> ASSIGNMENT
Write out each entry below exactly; the images do not belong in your copy.

[Records from a dataset]
::::

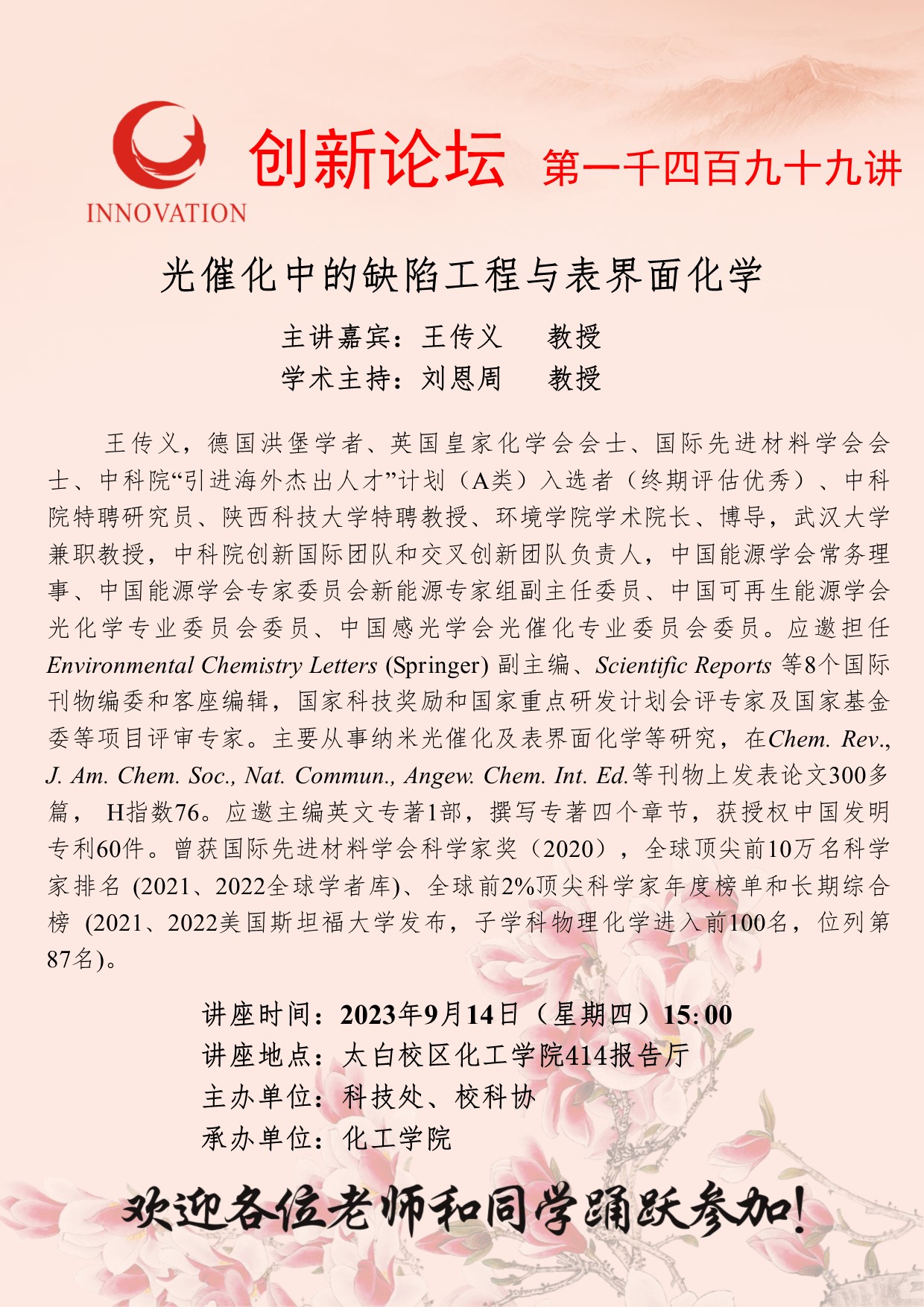王传义 教授 乐鱼网页版页面登录创新论坛第一千四百九十九讲:光催化中的缺陷工程与表界面化学 讲座时间 2023年9月14日(星期四)15:00 讲座地点 太白校区化工学院414报告厅 讲座人介绍 王传义 教授 讲座内容
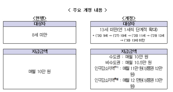 핵심 요약: 아동수당이 13세 미만까지 단계적으로 확대되며 비수도권 및 인구감소지역은
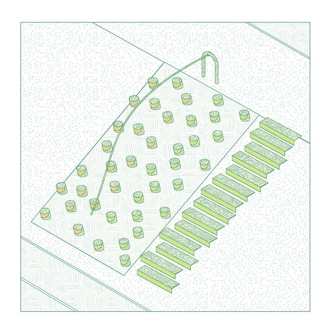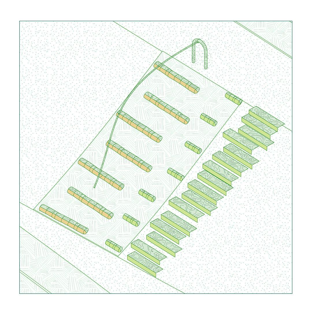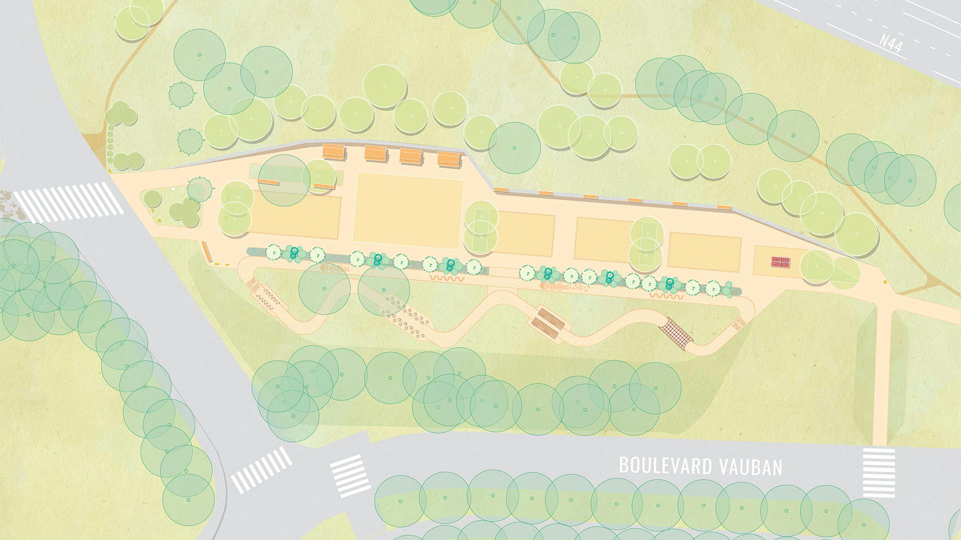 The small town of Saint-Memmie is located on the outskirts of Châlons-en-Champagne, between "city and fields". The proposed site for the sports park builds on existing infrastructure, including football fields, as well as a nature walk through the heart of a wooded area. It is also situated at the edge of a residential neighborhood. However, the site remains fragmented, due to roadside and leftover spaces.
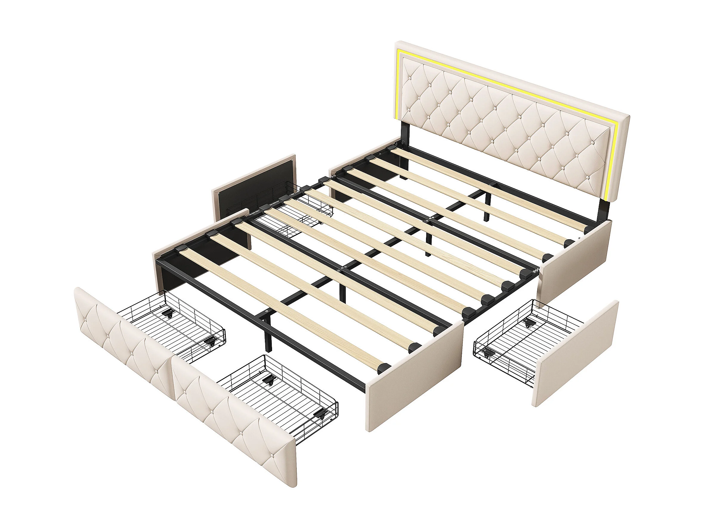 Cama de casal 140x200 cm em linho bege, 4 gavetas, LED, prateleiras, portas USB/tipo C, base de ripas de madeira
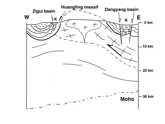 Huangling massif exhibits an asymmetric dome shape striking to the north-south orientation. The north and south sides of the Huangling Anticline dip gently while the basins on the eastern flank and western flank of the dome have different dip angles. Zigui Basin, which is to the west of the Huangling Anticline, dips moderately at 40° westward. Dangyang Basin, which is to the east of the Huangling Anticline, in contrast, dips gently at 15° eastward.[3] The reason of asymmetric folding will be discussed in the later part. Besides, a large number of recumbent folds trending N-S can be found on Zigui Basin and Dangyang Basin. They extrude to the west and to the east, respectively.[3] During Late Jurassic to Early Cretaceous, there was a compressive environment causing the uplift of Huangling massif and folding in the Huangling Anticline. The exhumation of Huangling massif and formation of recumbent folds, plus vertical crustal shortening, occurred at the same time. After the uplift of Huangling dome during Triassic, the environment changed to extensional. Brittle deformation forming rifts and grabens followed. High-angle normal faulting can be found in Yuanan Graben and Jingmen Graben on the east side of the Huangling Anticline.[3]
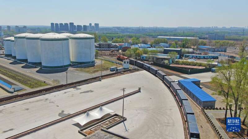 4月22日,辽宁首趟中老铁路国际货运列车驶出站台(无人机照片)。
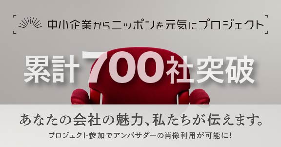 日本の経済を支える中小企業支援サービス事業を行う株式会社中小企業のチカラ(本社:東京都渋谷区、代表取締役社長:山下 佳介、以下「中小企業のチカラ」)(https://smes-chikara.co.jp/)が運営する『中小企業からニッポンを元気にプロジェクト』( https://nippon-smes-project.com/ )への参画企業が累計700社を突破いたしました。
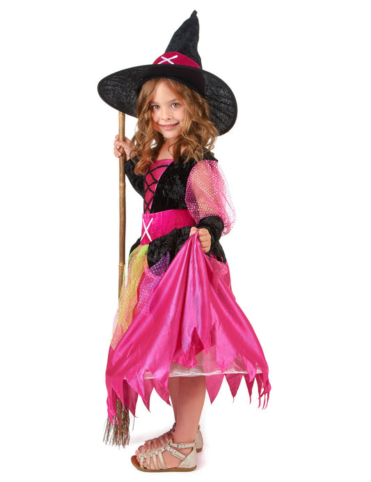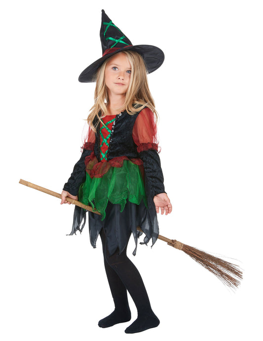 Halloweenský kostým čarodějnice s kloboukem pro dívky
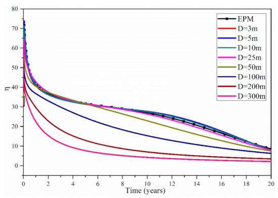 The energy efficiency η of the system can be calculated by the equation in [14]. As stated above, the average value of the water density of = 896.5 kg/m3 is adopted in the calculation of η. Figure 9 shows the evolution of the energy efficiency η of the EPM method and the MINC method. Using the EPM method, during the 20 years, the η is within 73.28–8.53. Using the MINC method, when the fracture spacing is 3, 5, 10 and 25 m, the η is within 74.30–7.94, 73.59–7.94, 71.33–7.95 and 64.61–7.89, respectively. Therefore, when D is within 3–25 m, the results of the EMP method are in accordance with those of the MINC method; under this condition, we can use the EPM method to simulate the fractured geothermal reservoirs. However, when D increases to be 50, 100, 200 and 300 m, the corresponding η during the 20 years is within 57.08–7.46, 53.33–6.29, 54.80–3.48 and 60.82–2.17, respectively. Therefore, when D is within 25–300 m, with the increase in D, the difference in η between the EPM method and the MINC method gradually increases; under this condition, it is unreasonable to use the EPM method to model the fractured geothermal reservoirs. Besides, Figure 9 also shows that during 20 years the η gradually decreases. Based on the equation of η in [14], this is caused by the gradual decline in Tpro and the gradual increase in Pinj, and this is in accordance with a previous study from Zeng et al. [14].
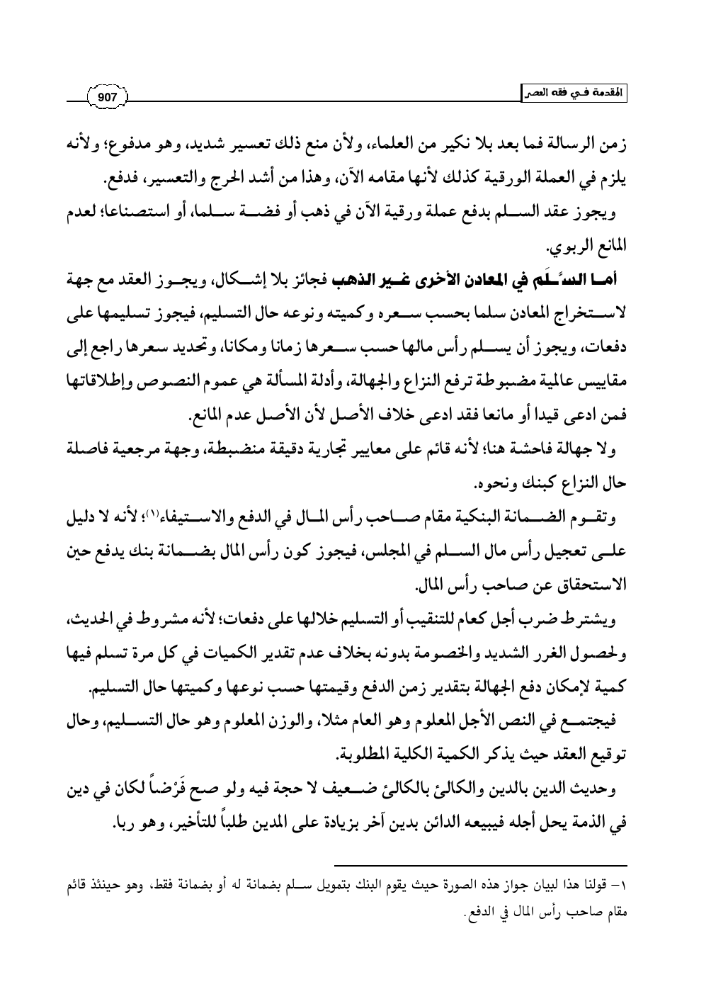 أما السَّلَم في المعادن الأخرى غير الذهب فجائز بلا إشكال، ويجوز العقد مع جهة لاستخراج المعادن سلما بحسب سعره وكميته ونوعه حال التسليم، فيجوز تسليمها على دفعات، ويجوز أن يسلم رأس مالها حسب سعرها زمانا ومكانا، وتحديد سعرها راجع إلى مقاييس عالمية مضبوطة ترفع النزاع والجهالة، وأدلة المسألة هي عموم النصوص وإطلاقاتها فمن ادعى قيدا أو مانعا فقد ادعى خلاف الأصل لأن الأصل عدم المانع.
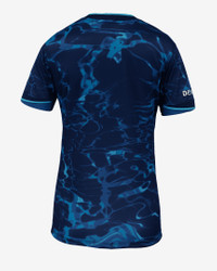 Like the ocean current, the San Diego Wave are a force to be reckoned with. This ocean-inspired uniform celebrates the team's ability to create excitement, cause commotion and influence the game. The all-over print is accented with a two-tone Nike Swoosh and a "Make Waves" hip detail. Product Details - Replica design - Woven crest - Embroidered Swoosh - 100% polyester - Machine wash - Imported - Shown: Blue Jay/Blue Void - Style: P35557SDWF-BJB
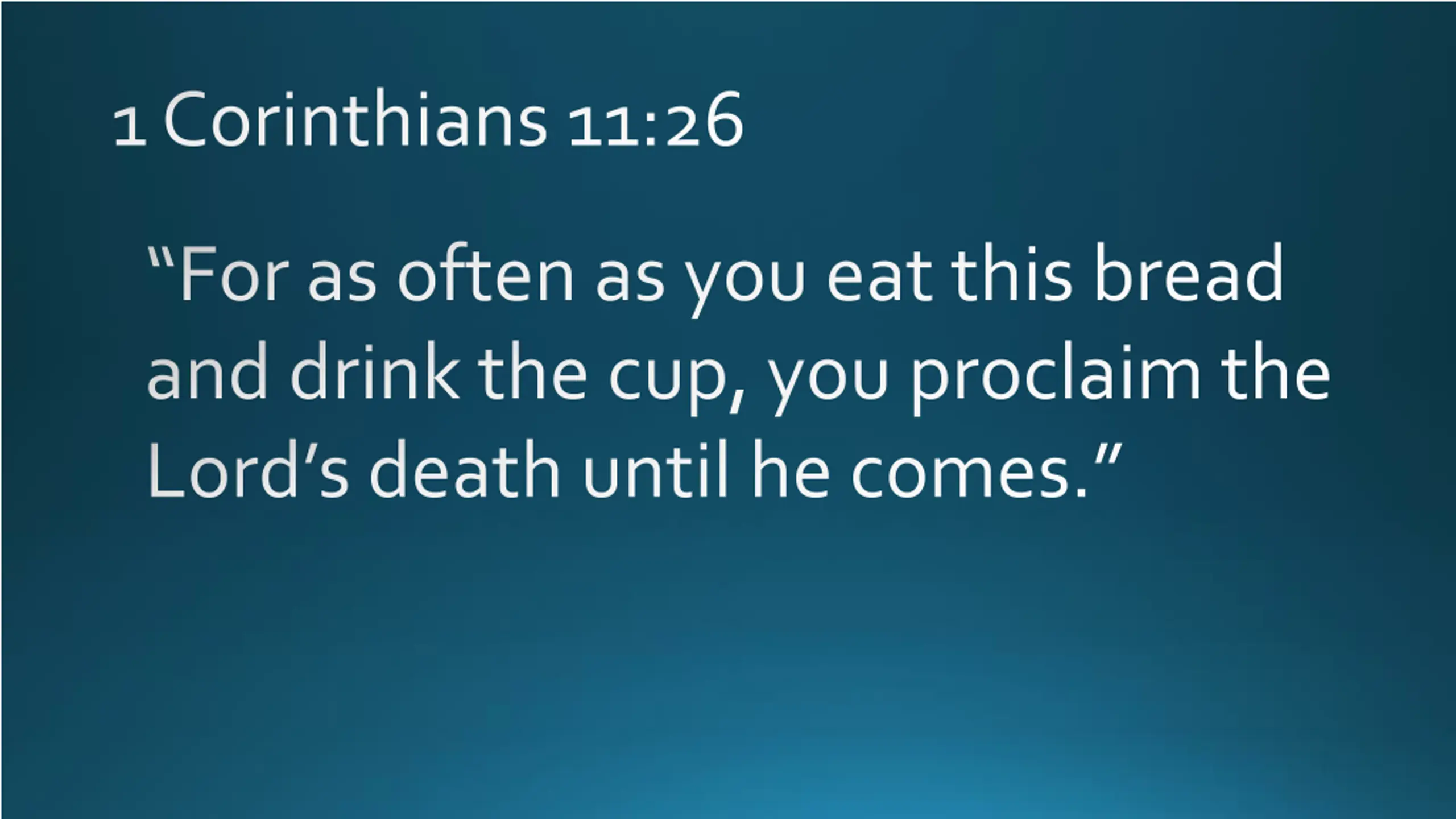 1 Corinthians 11:26 For as often as you eat this bread and drink the cup, you proclaim the Lord s death until he comes.

::::

> TASK OUTPUT
王传义 教授 乐鱼网页版页面登录创新论坛第一千四百九十九讲:光催化中的缺陷工程与表界面化学 讲座时间 2023年9月14日(星期四)15:00 讲座地点 太白校区化工学院414报告厅 讲座人介绍 王传义 教授 讲座内容
 핵심 요약: 아동수당이 13세 미만까지 단계적으로 확대되며 비수도권 및 인구감소지역은
 The small town of Saint-Memmie is located on the outskirts of Châlons-en-Champagne, between "city and fields". The proposed site for the sports park builds on existing infrastructure, including football fields, as well as a nature walk through the heart of a wooded area. It is also situated at the edge of a residential neighborhood. However, the site remains fragmented, due to roadside and leftover spaces.
 Cama de casal 140x200 cm em linho bege, 4 gavetas, LED, prateleiras, portas USB/tipo C, base de ripas de madeira
 Huangling massif exhibits an asymmetric dome shape striking to the north-south orientation. The north and south sides of the Huangling Anticline dip gently while the basins on the eastern flank and western flank of the dome have different dip angles. Zigui Basin, which is to the west of the Huangling Anticline, dips moderately at 40° westward. Dangyang Basin, which is to the east of the Huangling Anticline, in contrast, dips gently at 15° eastward.[3] The reason of asymmetric folding will be discussed in the later part. Besides, a large number of recumbent folds trending N-S can be found on Zigui Basin and Dangyang Basin. They extrude to the west and to the east, respectively.[3] During Late Jurassic to Early Cretaceous, there was a compressive environment causing the uplift of Huangling massif and folding in the Huangling Anticline. The exhumation of Huangling massif and formation of recumbent folds, plus vertical crustal shortening, occurred at the same time. After the uplift of Huangling dome during Triassic, the environment changed to extensional. Brittle deformation forming rifts and grabens followed. High-angle normal faulting can be found in Yuanan Graben and Jingmen Graben on the east side of the Huangling Anticline.[3]
 4月22日,辽宁首趟中老铁路国际货运列车驶出站台(无人机照片)。
 日本の経済を支える中小企業支援サービス事業を行う株式会社中小企業のチカラ(本社:東京都渋谷区、代表取締役社長:山下 佳介、以下「中小企業のチカラ」)(https://smes-chikara.co.jp/)が運営する『中小企業からニッポンを元気にプロジェクト』( https://nippon-smes-project.com/ )への参画企業が累計700社を突破いたしました。
 Halloweenský kostým čarodějnice s kloboukem pro dívky
 The energy efficiency η of the system can be calculated by the equation in [14]. As stated above, the average value of the water density of = 896.5 kg/m3 is adopted in the calculation of η. Figure 9 shows the evolution of the energy efficiency η of the EPM method and the MINC method. Using the EPM method, during the 20 years, the η is within 73.28–8.53. Using the MINC method, when the fracture spacing is 3, 5, 10 and 25 m, the η is within 74.30–7.94, 73.59–7.94, 71.33–7.95 and 64.61–7.89, respectively. Therefore, when D is within 3–25 m, the results of the EMP method are in accordance with those of the MINC method; under this condition, we can use the EPM method to simulate the fractured geothermal reservoirs. However, when D increases to be 50, 100, 200 and 300 m, the corresponding η during the 20 years is within 57.08–7.46, 53.33–6.29, 54.80–3.48 and 60.82–2.17, respectively. Therefore, when D is within 25–300 m, with the increase in D, the difference in η between the EPM method and the MINC method gradually increases; under this condition, it is unreasonable to use the EPM method to model the fractured geothermal reservoirs. Besides, Figure 9 also shows that during 20 years the η gradually decreases. Based on the equation of η in [14], this is caused by the gradual decline in Tpro and the gradual increase in Pinj, and this is in accordance with a previous study from Zeng et al. [14].
 أما السَّلَم في المعادن الأخرى غير الذهب فجائز بلا إشكال، ويجوز العقد مع جهة لاستخراج المعادن سلما بحسب سعره وكميته ونوعه حال التسليم، فيجوز تسليمها على دفعات، ويجوز أن يسلم رأس مالها حسب سعرها زمانا ومكانا، وتحديد سعرها راجع إلى مقاييس عالمية مضبوطة ترفع النزاع والجهالة، وأدلة المسألة هي عموم النصوص وإطلاقاتها فمن ادعى قيدا أو مانعا فقد ادعى خلاف الأصل لأن الأصل عدم المانع.
 Like the ocean current, the San Diego Wave are a force to be reckoned with. This ocean-inspired uniform celebrates the team's ability to create excitement, cause commotion and influence the game. The all-over print is accented with a two-tone Nike Swoosh and a "Make Waves" hip detail. Product Details - Replica design - Woven crest - Embroidered Swoosh - 100% polyester - Machine wash - Imported - Shown: Blue Jay/Blue Void - Style: P35557SDWF-BJB
 1 Corinthians 11:26 For as often as you eat this bread and drink the cup, you proclaim the Lord s death until he comes.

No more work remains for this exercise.